(Collection entries)

*** Block opens ***

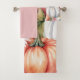 Lovely pumpkin and floral print, that has soft colours that include pinks, whites, and orange.
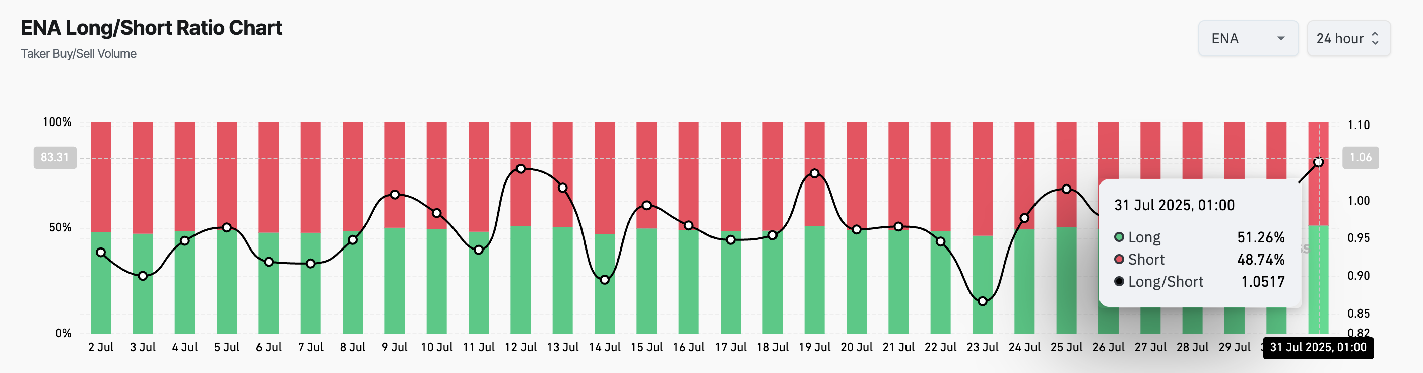 Bundan tashqari, fyuchers bozori ma’lumotlari investorlarning ishonchi oshayotganini ko’rsatadi. ENAning ochiq foizlari so’nggi 24 soat ichida 30% dan oshdi va hozirda $1.15 milliardni tashkil etmoqda.
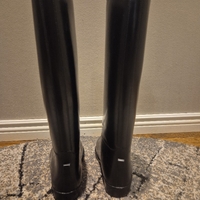 Mustat ratsastusssaappaat seuraavalle käyttäjälle! Siistit ja ehjät, vuoret hyvässä kunnossa. Hieman naarmua pinnassa saappaiden sisäsyrjän puolella. Pohjasta varren päähän hieman reilu 38 cm pituutta.
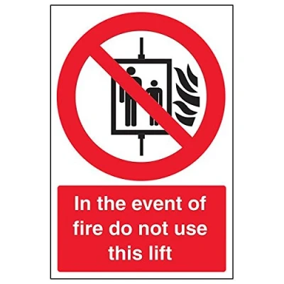 Clearly displays prohibited and potentially dangerous actions which employees and visitors must avoid in the interests of health and safety as per Health and Safety (Safety Signs & Signals) Regulations 1996 Conforms to EN ISO 7010:2012 - Prohibition signs feature a red circular symbol of at least 35% of the total sign area, on a white background, with a black pictogram Portrait Orientation. Sign reads "In The Event Of Fire Do Not Use This Lift" Highly durable 1mm plastic material and screen printed message will stand the test of time Sign measures 200 x 300mm.
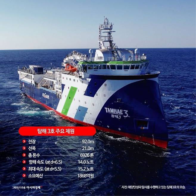 去る23日釜山沖でHJ重工業で航海中だった最先端の3D/4D物理探査研究船、探海3号で記者たちに探偵3号について説明するキム・ビョンヨプ韓国地質資源研究院海底地質エネルギー研究本部長の言葉には強い自信が感じられ負けた。機会だけが与えられれば、朝鮮半島付近の海域はもちろん、全世界の海を力強くヌビル最先端海底探査研究船探海3号を通じて、韓国でも産油国の可能性を確認できるという意味だった。

*** Block closes ***

Write out every line of the entries above exactly, and omit their pictures.

 Lovely pumpkin and floral print, that has soft colours that include pinks, whites, and orange.
 Bundan tashqari, fyuchers bozori ma’lumotlari investorlarning ishonchi oshayotganini ko’rsatadi. ENAning ochiq foizlari so’nggi 24 soat ichida 30% dan oshdi va hozirda $1.15 milliardni tashkil etmoqda.
 Mustat ratsastusssaappaat seuraavalle käyttäjälle! Siistit ja ehjät, vuoret hyvässä kunnossa. Hieman naarmua pinnassa saappaiden sisäsyrjän puolella. Pohjasta varren päähän hieman reilu 38 cm pituutta.
 Clearly displays prohibited and potentially dangerous actions which employees and visitors must avoid in the interests of health and safety as per Health and Safety (Safety Signs & Signals) Regulations 1996 Conforms to EN ISO 7010:2012 - Prohibition signs feature a red circular symbol of at least 35% of the total sign area, on a white background, with a black pictogram Portrait Orientation. Sign reads "In The Event Of Fire Do Not Use This Lift" Highly durable 1mm plastic material and screen printed message will stand the test of time Sign measures 200 x 300mm.
 去る23日釜山沖でHJ重工業で航海中だった最先端の3D/4D物理探査研究船、探海3号で記者たちに探偵3号について説明するキム・ビョンヨプ韓国地質資源研究院海底地質エネルギー研究本部長の言葉には強い自信が感じられ負けた。機会だけが与えられれば、朝鮮半島付近の海域はもちろん、全世界の海を力強くヌビル最先端海底探査研究船探海3号を通じて、韓国でも産油国の可能性を確認できるという意味だった。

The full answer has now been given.